Das wichtigste Sofortziel, für das es den Kampf zu organisieren gilt, ist unter diesen Bedingungen die Ausschaltung der Konkurrenz innerhalb der Arbeiterklasse:

* durch gleichmacherische Lohnforderungen, so für Festbeträge, die die Schere zwischen den Einkommen verringert, und für "positive Diskriminierung", also für besondere Förderung ungleich und schlechter behandelter Teile der ArbeiterInnenklasse;

* durch weltweit gleichen Lohn für gleiche Arbeit; europaweit ein einkommensunabhängiges und individuelles Mindesteinkommen (Grundeinkommen) für Menschen ohne Erwerbsarbeit in Höhe von 50% des BIP pro Kopf; ein europaweiter Mindestlohn, der darauf aufsetzt;

* durch Beibehaltung und Ausbau des Solidarprinzips in der Sozialversicherung: nach Einkommen progressive Beteiligung aller Bevölkerungsschichten an der Finanzierung einer gesetzlichen Vorsorge für Gesundheit und Alter, Bildung;

* durch radikale Arbeitszeitverkürzung europaweit und Umverteilung aller gesellschaftlich notwendigen Arbeit. Hierzu müssen die Gewerkschaften eine neue Kampagne starten – zum Beispiel unter der schönen Parole "Halbierung des Arbeitstages bei vollem Lohnausgleich";

* die Kampagne muss verbunden werden mit einer breiten Debatte über anstrebenswerte Produktionsziele und eine neue geschlechtliche wie internationale und regionale Arbeitsteilung;

* durch ein Niederlassungsrecht, verbunden mit dem Recht auf Inanspruchnahme sozialer Leistungen für alle, die hier ihren Lebensmittelpunkt haben;

* Einführung von weitgehenden Entscheidungsmöglichkeiten von Belegschaften über ihre Arbeitsbedingungen und Bürgerschaften/Gemeinden über die wirtschaftliche Verwendung von Steueraufkommen.
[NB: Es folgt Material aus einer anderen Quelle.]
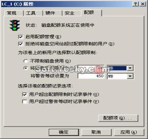 NTFS分區除了可以加密其上的文件夾和文件外,還支持磁盤配額限量功能,非NTFS分區不支持該功能。啟用磁盤配額時,您可以設置磁盤配額限度和配額警告級別,指定允許用戶使用的磁盤空間容量,當用戶接近配額限度則發出警告、記錄下來。例如,可設置用戶的磁盤配額限度為 500 MB,警告級別為 450MB。如果用戶在卷上存儲的文件超過 450 MB,則會記錄下該配額警告,而且不能存放超過500MB的文件。要為某用戶指定NTFS分區磁盤配額,方法是:以管理員身份登陸Win 2000,打開“我的電腦”,右擊NTFS分區(一般為C盤),在屬性窗口選擇“配額”,進入配額設置窗口(如圖10),選中“啟用配額管理”和“拒絕將磁盤空間給超過配額限制的用戶”,設置磁盤空間限制量(例如500MB)和超過多少空間警告(例如450MB),選中“用戶超過配額限制時記錄事件”,這樣以后按“配額項”按鈕,就可以查看該用戶是否有超過配額的操作。
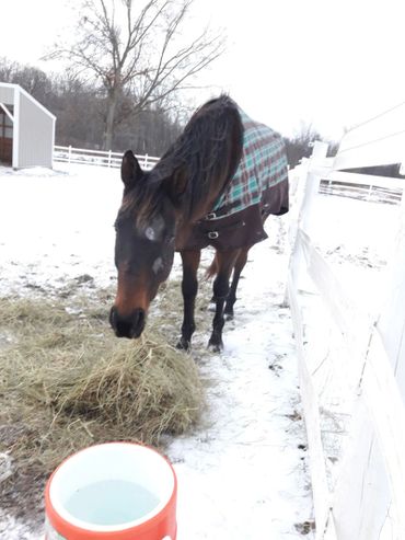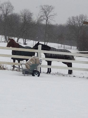 Bentley is starting to make friends with the other horses. We have put him in with the herd because we don´t want them to slip and fall in case they start running around.

Alle politischen wie theoretischen Ansätze, die ihren Ausgangspunkt nicht in dem haben, was die verschiedenen Teile der lohnabhängigen Klasse miteinander verbindet, sondern in dem, was sie trennt, sind zum Scheitern verurteilt.

Die zentrale Aufgabe besteht darin, das objektiv gemeinsame Interesse zwischen den Lohnabhängigen auf der Welt herauszuarbeiten und dieses zur Grundlage des Handelns und der Organisation zu machen. Dabei müssen die Interessen der besonders Benachteiligten besonders berücksichtigt werden.

Die Einheit der ArbeiterInnenklasse herzustellen – ob mit oder ohne deutschen Pass, ob erwerbslos oder erwerbstätig, ob männlich oder weiblich, ob jung oder alt, ob mit unbefristeter oder mit befristeter Anstellung, ob mit oder ohne Studienabschluss -, und zwar keine hierarchische Einheit, sondern eine Einheit im Respekt der Vielfalt, ist die strategische Aufgabe schlechthin. Es gibt heute keine Organisation der unmittelbaren Interessenvertretung, die diese Einheit zum Ausdruck bringen würde. Auch die Gewerkschaften sind weit davon entfernt. Es müssen deshalb alle Beteiligten aktiv nach einem gemeinsamen Rahmen für gemeinsames Handeln suchen. Die Sozialforen können ein solcher Rahmen sein, wenn sie in dieser Funktion akzeptiert werden.